Comments and Suggestions for Authors Finding key genes as progression indicators is of great importance. The authors did some analysis using a DNB method to identify the key genes and also developed a risk prediction model with these key genes. My comments to improve the manuscript:   Major: 1. Page 4, session 2.1, all functions mean? Where do the “FindNeighbors”, “FindClusters” functions come from? 2. Page 7, sesision 3.1, 23,987 cells from 6 samples? How many cells from each sample? From Figure 2B, it seems patient 6 has a lot of more cells than other patients? 3. Page 4, which package did the authors use to identify DEGs for bulk RNA-seq? 4. Improve the language 5. Use the full names for  all the abbreviations when they appear the first time such as MFUZZ (session 2.9), CM (session 2.1, page 4), NEPC (session 2.1, page 4) 6. Page 9, how was the developmental trajectory constructed? 7. Page 11, I am not sure if I understand section 3.2. The authors claimed that the DNB module of 32 genes have a greater expression level than genes in other epithelial cell subgroups (Figure 4F).
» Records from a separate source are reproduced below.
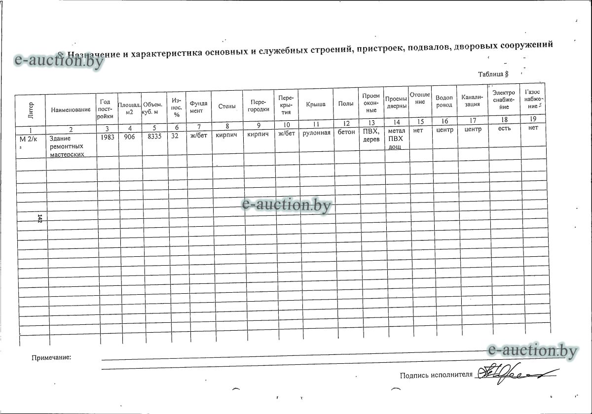 Сведения о капитальном строении: Наименование: Здание ремонтной мастерской Назначение: Здание специализированное для ремонта и (или) технического обслуживания автомобилей (в том числе автомобильные заправочные, зарядные и газонаполнительные станции) Сведения о земельном участке: Кадастровый номер земельного участка, на котором расположено капитальное строение: 324376000001000009 площадью 2.4541 га (право аренды по 15.03.2062). Целевое назначение земельного участка: Земельный участок для обслуживания зданий склада витаминной муки, склада готовой продукции, ремонтной мастерской, материально-технического склада (иных сельскохозяйственных целей) Назначение земельного участка в соответствии с единой классификацией назначения объектов недвижимого имущества: Земельный участок для ведения товарного сельского хозяйства Отдельный земельный участок для обслуживания строения не выделен. |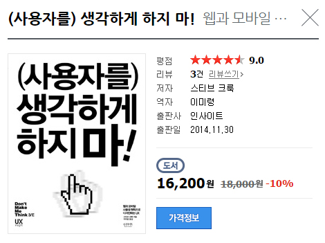 이렇게 편집자가 추천하는 책은 읽어야 한다고 들었습니다. 저도 원제 “Don’t Make Me Think!”를 보는 순간, 이 책에는 뭔가 있다! 라는 생각이 들었지요. (이제 와서 보태기…)
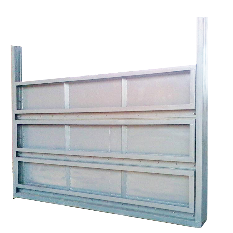 每塊閘板的高度一定,每塊的形狀都基本相同,每塊都有凸起和凹槽(或企口),凸起和凹槽內鑲有止水膠條,這樣可以一塊一塊疊放起來,達到需要的高度而基本不漏水或無明顯的漏水。每塊閘板上還設有兩個拉環,便于放下或取出。閘槽用鋼板折成[槽形,與渠道上預埋鋼板焊接安裝。依靠鋁合金疊梁閘上設置的彈簧和水壓的作用,止水橡膠受壓后與閘槽緊密貼合,止水效果良好。主要材質整體材質為鋁合金,鋼板的厚度與強度保證在運輸和安裝過程中,不受損,不變形,如有破損變形,予以可靠的修補。膠條嵌合牢固,長久使用也不脫落或斷裂老化。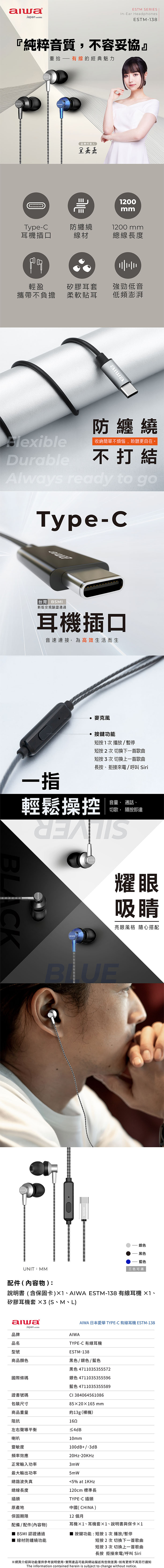 【AIWA愛華】TYPE-C有線耳機 ESTM-138 黑色/ 銀色/藍色 防纏繞 強勁低音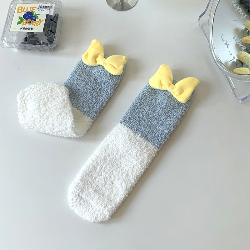 겨울 기모 3 차원 활 산호 양털 양말 여자의 바닥 양말 귀여운 공주 가정 수면 달 양말 겨울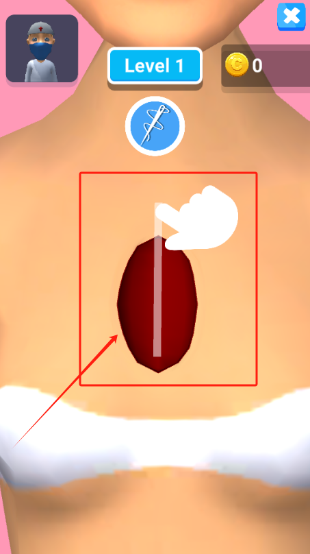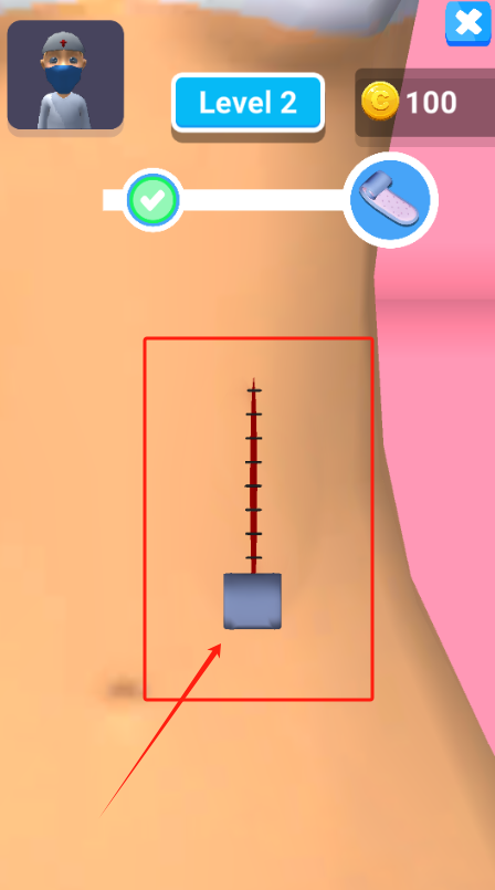 3、第二关要用缝纫机缝合伤口,看箭头操作,赚了100金币别乱花。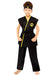 Officially licensed Cobra Kai karate Gi costume with black ninja patterned top, trousers, belt and headband.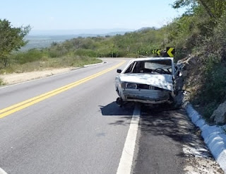 trafegam pela BR 424. Um veículo está abandonando as margens da Rodovia, na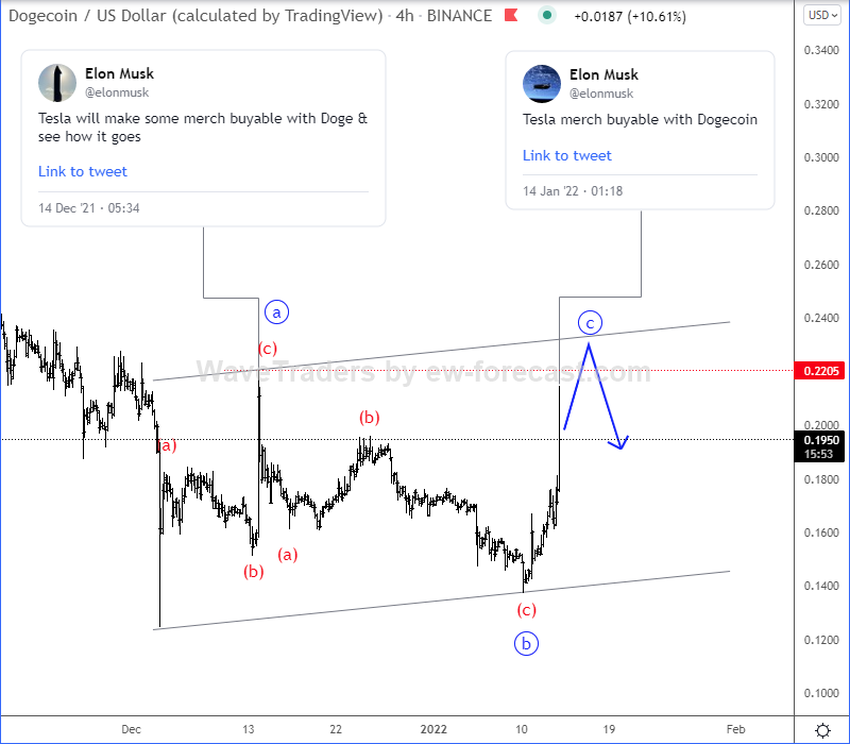 Analityk techniczny @ewforecast opublikował na Twitterze wykres DOGE, stwierdzając, że prawdopodobnie zakończył on swoją korekcyjną fazę handlu.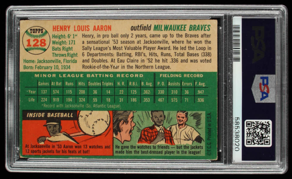 Hank Aaron 1954 Topps #128 RC (PSA 2)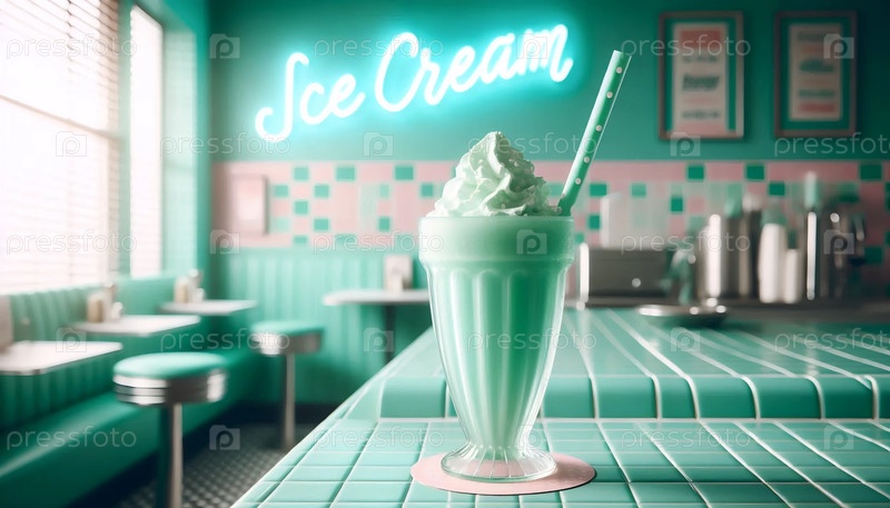 Винтажный молочный коктейль, подаваемый в классическом столовом стакане 1950-х годов Ai generated image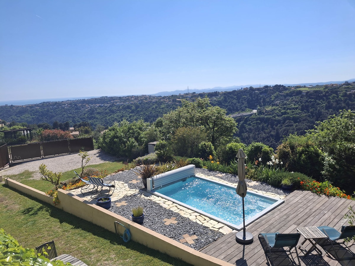 Treat yourself to a peaceful escape in our family cottage with a pool, nestled in a green haven just 15 minutes from the center of Nice. Garden, sunshine, and birdsong invite you to slow down and fully enjoy your vacation. This guesthouse was designed as a holiday retreat for our daughter and her family, to gather and enjoy the garden and the pool. Ideal for a family of 2 adults and 2 children seeking relaxation, nature, and proximity to both Nice and the sea.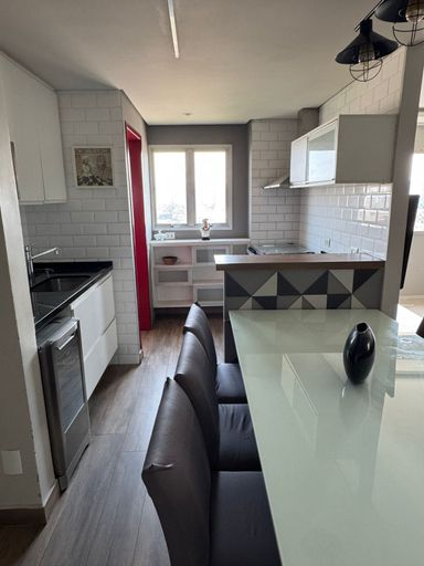 Apartamento reformado de 109m², com planta funcional e bem distribuída. São 3 dormitórios, sendo 1 suíte, além de um lavabo que garante praticidade ao dia a dia. A cozinha americana integrada proporciona modernidade e amplitude ao espaço social, conectando-se à sala de estar. Conta ainda com área de serviços independente e 1 vaga de garagem.
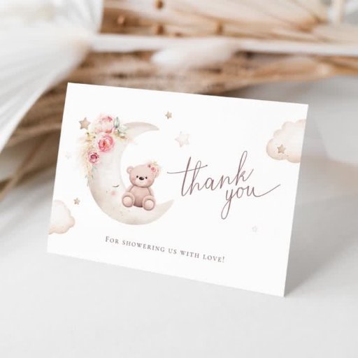 Cartão De Agradecimento Chá de Bebê Neutro Urso de Pelúcia Sobre a Lua
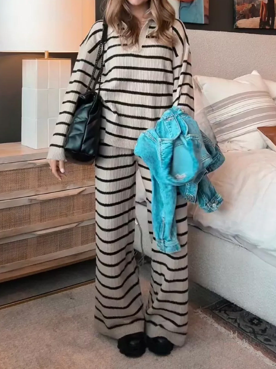 Striped Long Sleeve V Neck Sweater 2 Piece Sets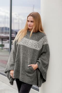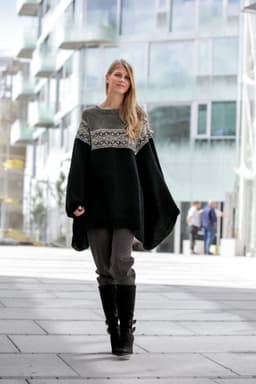 Poncho, skjerf og lue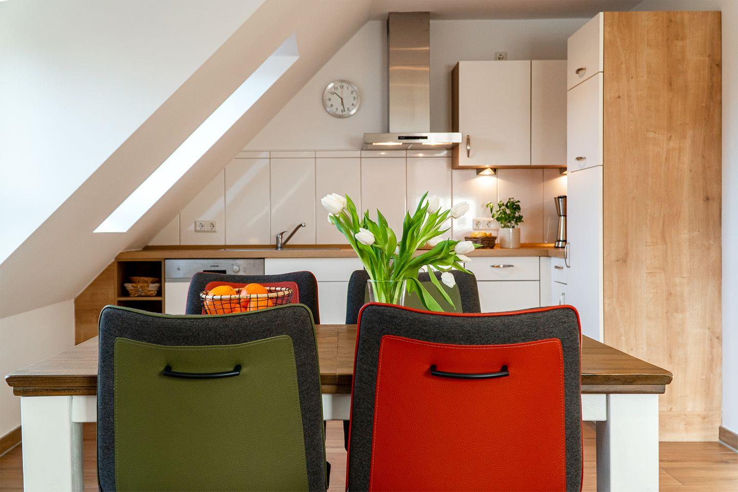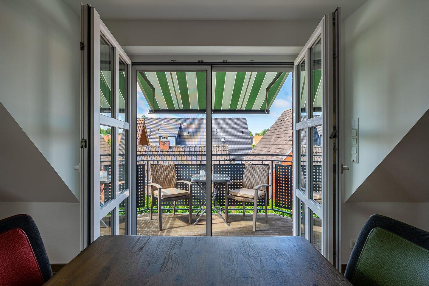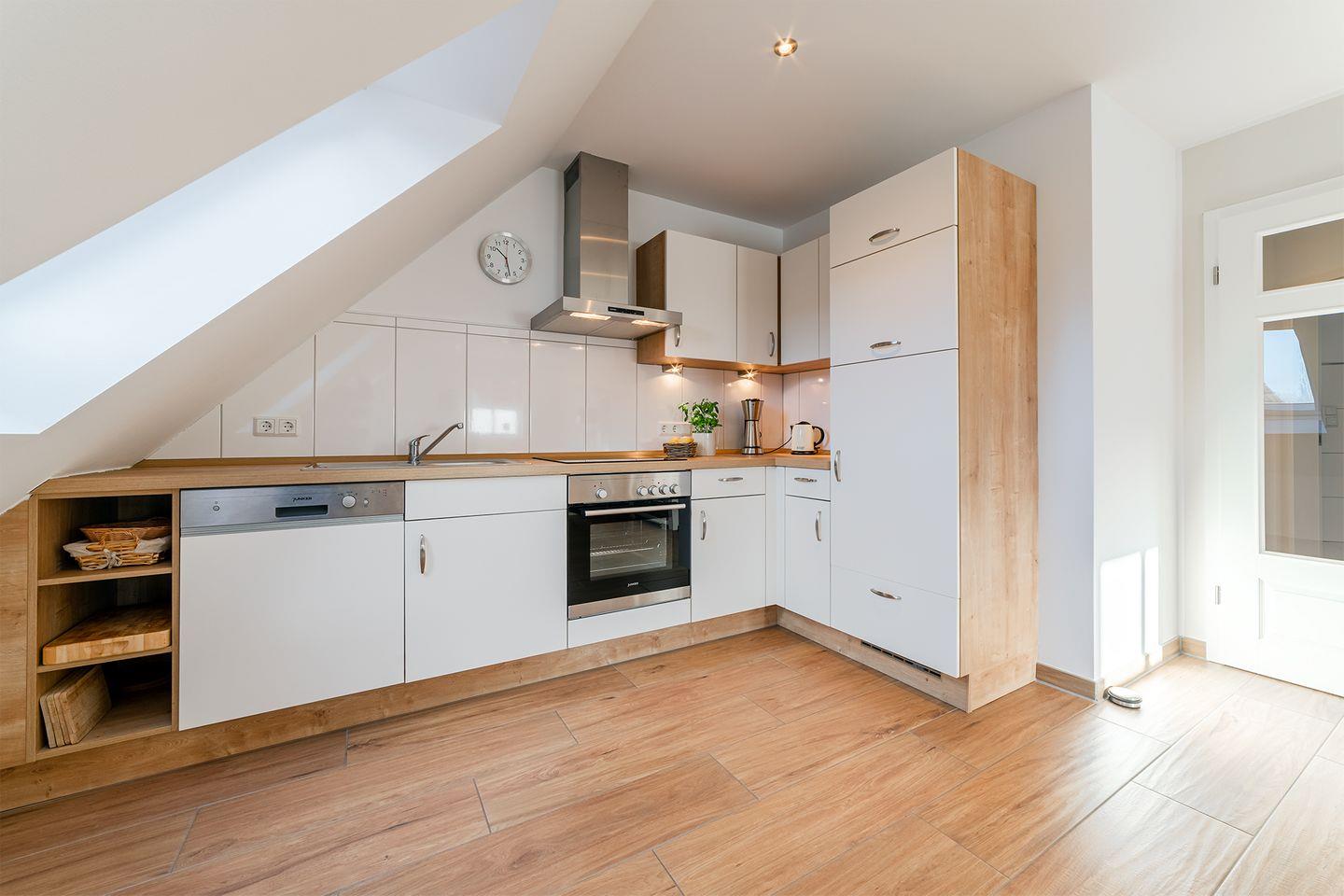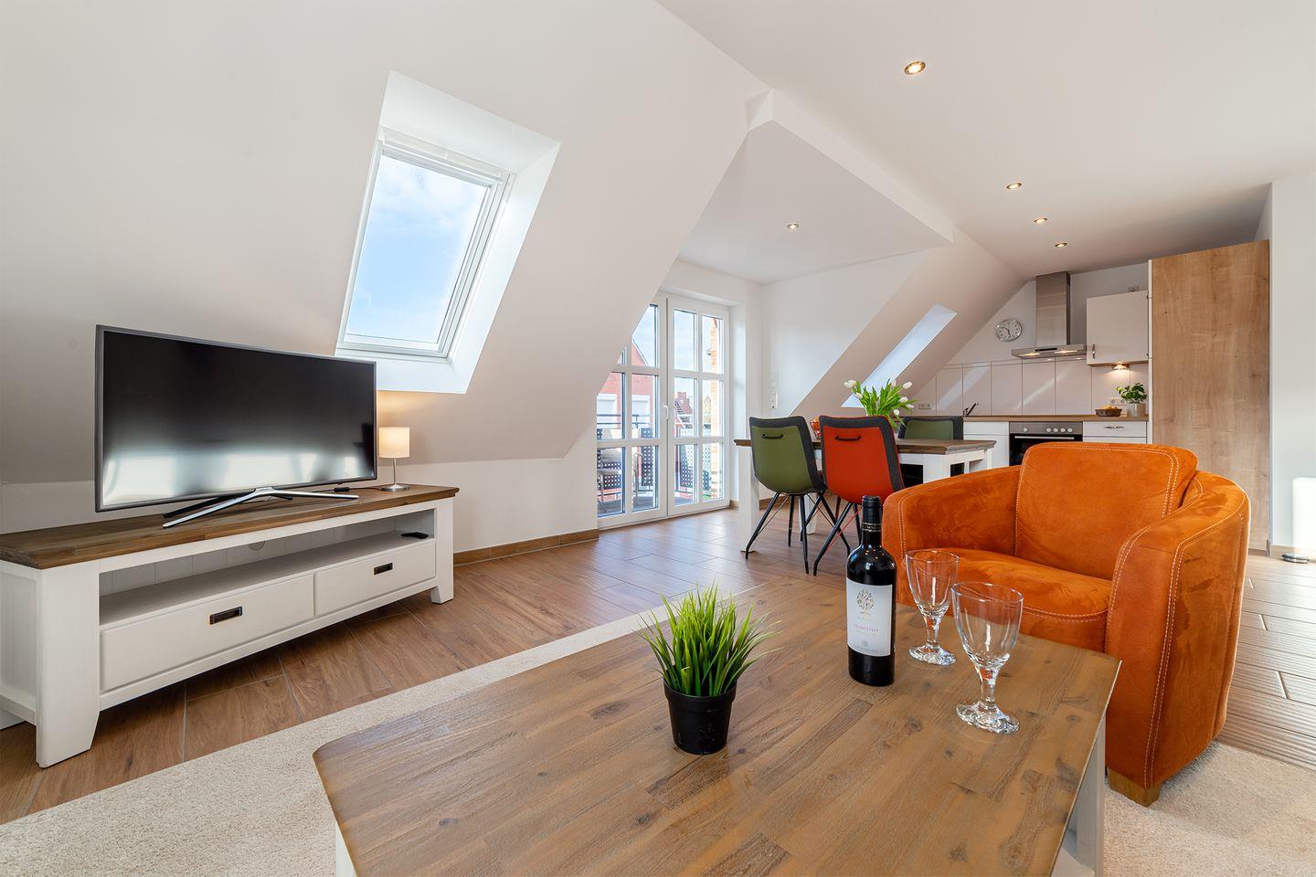 Die Ferienwohnung bietet einen Wohnraum mit voll ausgestatteter Küche, gemütlichem Essplatz und einem hellen Sitzbereich. Das geschmackvoll eingerichtete Duschbad und der geschützte Balkon mit Südwestlage laden zum Verweilen ein. Im Dachgeschoss befindet sich ein Studio mit Panoramafenster und zwei gemütlichen Kojen als zusätzliche Schlafmöglichkeit. Fußbodenheizung im gesamten Wohnbereich, Fliegengitter, ein PKW Stellplatz und eine abschließbare Fahrradbox machen es vollständig.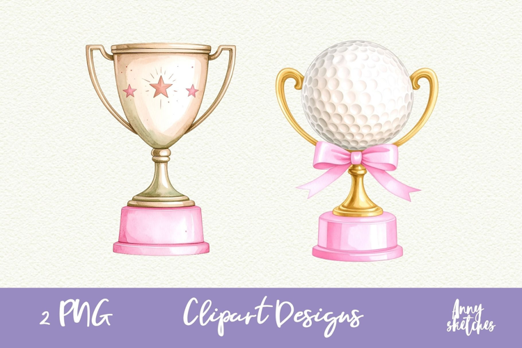 Vintage Coquette Golf Trophy Retro Pink Golf Clipart example image 1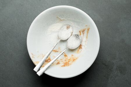 Overhead of a pair of flour-covered spoons in a dirty bowl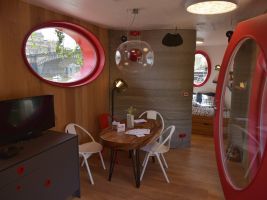 Vyrobena ze dřeva a propojena s tištěnou stěnou pomocí dřevěného rámu. Rám je ke stěně přidělán pomocí speciálních zámků. Okna byla vyrobena na míru. Masivní stůl z tropického dřeva.

From what I can see in Figure 4F, it’s state S2 with greater expression than other states. I don’t know what other epithelial cell subgroups refer here. 8.Figure 4G, 4H, and 4I, different states have different patterns. Did the authors make conclusions based on state S2 for section 3.2? 9. It’s very difficult to see the texts in Figure 4 and Figure 5, Figure 6A and 6B, Figure 8.   Minor: Page 6, session 2.10, it should be “gene Expi” refers to the gene expression level. Not “I” refers to the gene expression level. Comments on the Quality of English Language

Quite poor English in many places. Some examples:

1. In the abstract, "By combining single-cell RNA sequence and bulk RNA sequence data in we identified a set of DNBs", bulk RNA sequence data in what?

2. page 11, "it was discovered that all genes in the module have a greater expression level than did genes in other epithelial cell subgroups (Figure 4F)."

 

Reviewer 3 Report

Comments and Suggestions for Authors

Dear authors,

 

Identifying key genes as progression indicators of prostate cancer with castration resistance based on dynamic network biomarker algorithm and weighted gene correlation network analysis by Liu et al demonstrate the Dynamic network biomarker (DNB) method and weighted gene co-expression network analysis (WGCNA) to identify key genes associated with progression to castration-resistant state in prostate cancer via the integration of single-cell and bulk RNA sequencing data. Based on the gene expression profiles of CRPC in the GEO dataset, the DNB method was used to clarify the condition of epithelial cells and find out the most significant transition signal DNB modules and genes included. Authors calculated gene modules associated with the clinical phenotype stage based on WGCNA. The results of nomograms, calibration plots, and ROC curves confirmed the good prognostic accuracy of risk prediction model. By combining single-cell RNA sequence and bulk RNA sequence data in we identified a set of DNBs, whose roles involved in androgen-associated activities indicated the signals of prostate cancer cell transition from androgen dependent state to a castration-resistant state. In addition, a risk prediction model including the risk score of 4 key genes (SCD, NARS2, ALDH1A1, and NFXL1) and other clinical pathological characteristics was constructed and verified to be able to reasonably predict the prognosis of patients receiving ADT. In summary, 4 key genes from DNBs were identified as potential diagnostic markers for patients treated with ADT and a risk score-based nomogram will facilitate precise prognosis prediction and individualized therapeutic interventions of CRPC. This is an interesting study; however; it needs additional data to make the manuscript stronger.

 

Major Comments:

1. Authors could validate these four genes SCD, NARS2, ALDH1A1, and NFXL1 in CRPC patients’ samples at least by PCR.
2. All the 4-genes are transcript level; however, these need to be validated in CRPC (C4-2 ) cell lines with antibody
3. Please take care of iThenticate report (35%) should be less.